All Stars 2019





Apprentice Electrician

Price Electric

Robins, Iowa

Watch Duncan’s story

What do you do as an apprentice electrician?

By preplanning and prebuilding, or “prefabbing,” as much

as possible in a very controlled environment, with bigger

and better tools, and with more access to hardware and

support, we can save an uncountable number of hours in

fieldwork, minimizing risk and making buildings go up faster.

That is my job. This includes small things – like wiring outlets

and switches, precutting wire, and landing wire into residential

panels – all the way to building pipe racks for an entire

building, temporary power stations and even complete

traffic intersections. If we thought that it would save time, we

would do it.

Why did you choose the architecture, construction and

engineering (ACE) field?

My entire life I knew I would need a career that allowed me

to do work with my hands. I couldn’t sit at a desk all day.

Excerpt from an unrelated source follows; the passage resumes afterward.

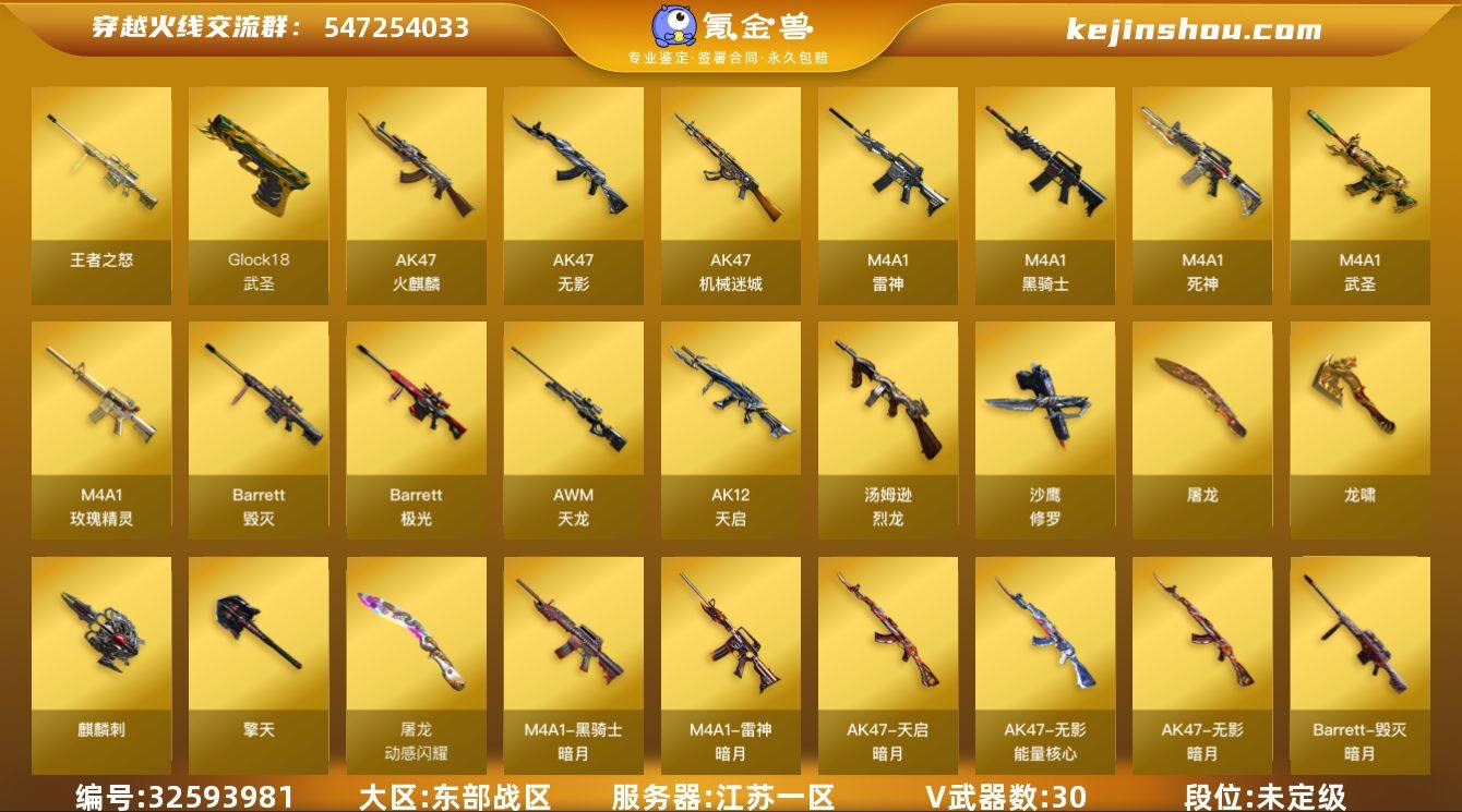 江苏一区-32V-1王者武器数-0炫金武器数 【热门武器】:死亡之眼*2,M4A1-黑骑士,汤姆逊-烈龙,沙鹰-修罗*6 【王者炫金武器】:王者之怒 【皮肤】:雷神-暗月,毁灭-暗月,黑骑士-暗月,无影-暗月,无影-能量核心,死神-秘银,天启-暗月,修罗-能量核心*2,天神-暗月 【角色】:零,瞳,乔伊教练,修道士,云海玲珑,风暴女,娟娟,铁骑荣耀 【暴走生化】:死亡之眼*2 【挑战大师】:激光毁灭者III-白马银枪 【英雄级武器】:AK47-火麒麟,M4A1-雷神,M4A1-黑骑士,AK47-无影*2,M4A1-死神,AK12-天启,M4A1-武圣,AK47-机械迷城,M4A1-玫瑰精灵,AWM-天龙,Barrett-毁灭,Barrett-极光,汤姆逊-烈龙,沙鹰-修罗*6,Glock18-武圣,屠龙*3,龙啸,擎天,麒麟刺*2,M4A1-苍鸣雷神 【道具】:女皇终结者-背包,战舰背包,机械魔影背包-红色,炫彩背包,女皇终结者-魔龙之吻,绿色巨人,灵魂忍者,迷雾幽灵,夺命之镰,防化服*3,流光-鎏金之域,枪王排位29赛季金色流光,防弹头盔*3,防弹衣*3,C4工具钳*3,手雷包*3 【特殊枪械】:1黑骑士,1烈龙
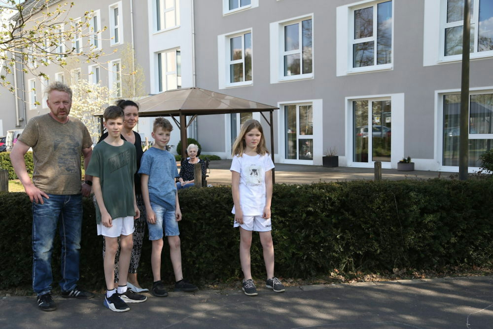Zu Besuch bei Oma Irmela, aber mit viel Abstand: Familie Hermann aus Morsbach-Wendershagen achtet der Großmutter zuliebe auf die Diszanz. Man unterhält sich eben über die Hecke zum Kurpark.

When I was offered an internship, later a job, with Price, I

knew I couldn’t turn it down. My workplace learning experience

is the absolute best thing about my job. There

are constant classes to learn about any aspect of being an

electrician. And Price is very good about having the more

experienced teach anyone who asks about anything. I

recently learned about wiring controls, something I’ve been

interested in since I first saw a diagram for them.

What has been your career pathway to your current job?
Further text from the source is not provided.